=== WHAT THE EXERCISE ASKS ===
Find the line holding "表2 不同預處理后沙棗中揮發(fā)性物質(zhì)含量及OAV" in the entries below. Give it again exactly, along with every line after it up to and including the line holding "Koyu mavi renkli, elastik".

Collection entries
—————
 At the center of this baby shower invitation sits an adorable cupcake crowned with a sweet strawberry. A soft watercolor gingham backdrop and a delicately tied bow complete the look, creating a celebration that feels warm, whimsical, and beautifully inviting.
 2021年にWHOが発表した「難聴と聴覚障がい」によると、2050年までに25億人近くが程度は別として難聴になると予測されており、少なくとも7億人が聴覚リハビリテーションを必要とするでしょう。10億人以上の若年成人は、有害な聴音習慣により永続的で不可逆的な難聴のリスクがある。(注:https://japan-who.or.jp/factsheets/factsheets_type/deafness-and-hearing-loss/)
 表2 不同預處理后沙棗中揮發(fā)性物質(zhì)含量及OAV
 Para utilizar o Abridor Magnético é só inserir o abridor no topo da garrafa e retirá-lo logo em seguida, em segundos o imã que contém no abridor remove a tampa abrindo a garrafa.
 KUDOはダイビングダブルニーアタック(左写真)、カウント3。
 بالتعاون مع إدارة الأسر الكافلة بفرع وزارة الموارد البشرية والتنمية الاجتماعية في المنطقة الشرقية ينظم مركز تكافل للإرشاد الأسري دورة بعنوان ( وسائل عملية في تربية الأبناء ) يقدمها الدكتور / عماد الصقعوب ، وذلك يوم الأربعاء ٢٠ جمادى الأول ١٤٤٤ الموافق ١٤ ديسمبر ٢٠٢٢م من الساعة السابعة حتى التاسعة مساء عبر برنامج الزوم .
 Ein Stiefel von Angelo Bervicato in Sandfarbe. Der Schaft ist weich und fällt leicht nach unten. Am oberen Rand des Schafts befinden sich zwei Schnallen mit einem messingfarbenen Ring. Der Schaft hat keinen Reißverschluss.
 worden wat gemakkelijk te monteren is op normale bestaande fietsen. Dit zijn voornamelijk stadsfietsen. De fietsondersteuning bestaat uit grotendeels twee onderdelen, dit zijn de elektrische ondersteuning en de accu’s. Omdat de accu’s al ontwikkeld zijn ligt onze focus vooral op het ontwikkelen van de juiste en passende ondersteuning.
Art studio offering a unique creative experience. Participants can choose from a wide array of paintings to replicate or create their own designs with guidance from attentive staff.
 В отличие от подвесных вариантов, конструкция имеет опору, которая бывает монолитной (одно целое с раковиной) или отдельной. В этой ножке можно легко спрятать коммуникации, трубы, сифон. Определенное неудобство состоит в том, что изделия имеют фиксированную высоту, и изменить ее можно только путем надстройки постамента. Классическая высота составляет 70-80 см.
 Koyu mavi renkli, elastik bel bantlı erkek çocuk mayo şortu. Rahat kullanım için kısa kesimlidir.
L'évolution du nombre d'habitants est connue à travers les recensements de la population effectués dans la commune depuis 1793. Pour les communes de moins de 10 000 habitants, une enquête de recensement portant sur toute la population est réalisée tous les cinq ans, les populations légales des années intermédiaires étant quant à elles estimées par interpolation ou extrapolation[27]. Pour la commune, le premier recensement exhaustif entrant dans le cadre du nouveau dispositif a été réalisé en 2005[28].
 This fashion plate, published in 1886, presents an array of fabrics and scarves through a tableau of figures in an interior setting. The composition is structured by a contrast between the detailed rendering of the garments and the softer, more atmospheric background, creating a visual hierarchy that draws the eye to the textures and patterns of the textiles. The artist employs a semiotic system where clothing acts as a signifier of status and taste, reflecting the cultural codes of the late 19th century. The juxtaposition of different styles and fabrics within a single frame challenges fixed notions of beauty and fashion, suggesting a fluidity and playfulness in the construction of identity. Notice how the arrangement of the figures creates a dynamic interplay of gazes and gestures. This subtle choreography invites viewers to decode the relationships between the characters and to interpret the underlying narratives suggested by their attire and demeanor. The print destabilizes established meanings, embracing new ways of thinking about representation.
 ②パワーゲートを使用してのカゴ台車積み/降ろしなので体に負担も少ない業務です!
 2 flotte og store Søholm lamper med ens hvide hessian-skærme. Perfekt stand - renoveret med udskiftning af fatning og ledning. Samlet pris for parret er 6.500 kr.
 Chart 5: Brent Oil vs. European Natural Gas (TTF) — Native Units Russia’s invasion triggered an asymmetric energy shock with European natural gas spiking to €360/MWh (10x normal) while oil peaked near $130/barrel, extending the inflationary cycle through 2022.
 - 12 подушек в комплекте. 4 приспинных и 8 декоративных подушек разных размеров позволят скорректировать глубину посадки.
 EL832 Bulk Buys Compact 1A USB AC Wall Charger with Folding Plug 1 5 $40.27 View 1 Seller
—————
=== OUTPUT ===
 表2 不同預處理后沙棗中揮發(fā)性物質(zhì)含量及OAV
 Para utilizar o Abridor Magnético é só inserir o abridor no topo da garrafa e retirá-lo logo em seguida, em segundos o imã que contém no abridor remove a tampa abrindo a garrafa.
 KUDOはダイビングダブルニーアタック(左写真)、カウント3。
 بالتعاون مع إدارة الأسر الكافلة بفرع وزارة الموارد البشرية والتنمية الاجتماعية في المنطقة الشرقية ينظم مركز تكافل للإرشاد الأسري دورة بعنوان ( وسائل عملية في تربية الأبناء ) يقدمها الدكتور / عماد الصقعوب ، وذلك يوم الأربعاء ٢٠ جمادى الأول ١٤٤٤ الموافق ١٤ ديسمبر ٢٠٢٢م من الساعة السابعة حتى التاسعة مساء عبر برنامج الزوم .
 Ein Stiefel von Angelo Bervicato in Sandfarbe. Der Schaft ist weich und fällt leicht nach unten. Am oberen Rand des Schafts befinden sich zwei Schnallen mit einem messingfarbenen Ring. Der Schaft hat keinen Reißverschluss.
 worden wat gemakkelijk te monteren is op normale bestaande fietsen. Dit zijn voornamelijk stadsfietsen. De fietsondersteuning bestaat uit grotendeels twee onderdelen, dit zijn de elektrische ondersteuning en de accu’s. Omdat de accu’s al ontwikkeld zijn ligt onze focus vooral op het ontwikkelen van de juiste en passende ondersteuning.
Art studio offering a unique creative experience. Participants can choose from a wide array of paintings to replicate or create their own designs with guidance from attentive staff.
 В отличие от подвесных вариантов, конструкция имеет опору, которая бывает монолитной (одно целое с раковиной) или отдельной. В этой ножке можно легко спрятать коммуникации, трубы, сифон. Определенное неудобство состоит в том, что изделия имеют фиксированную высоту, и изменить ее можно только путем надстройки постамента. Классическая высота составляет 70-80 см.
 Koyu mavi renkli, elastik bel bantlı erkek çocuk mayo şortu. Rahat kullanım için kısa kesimlidir.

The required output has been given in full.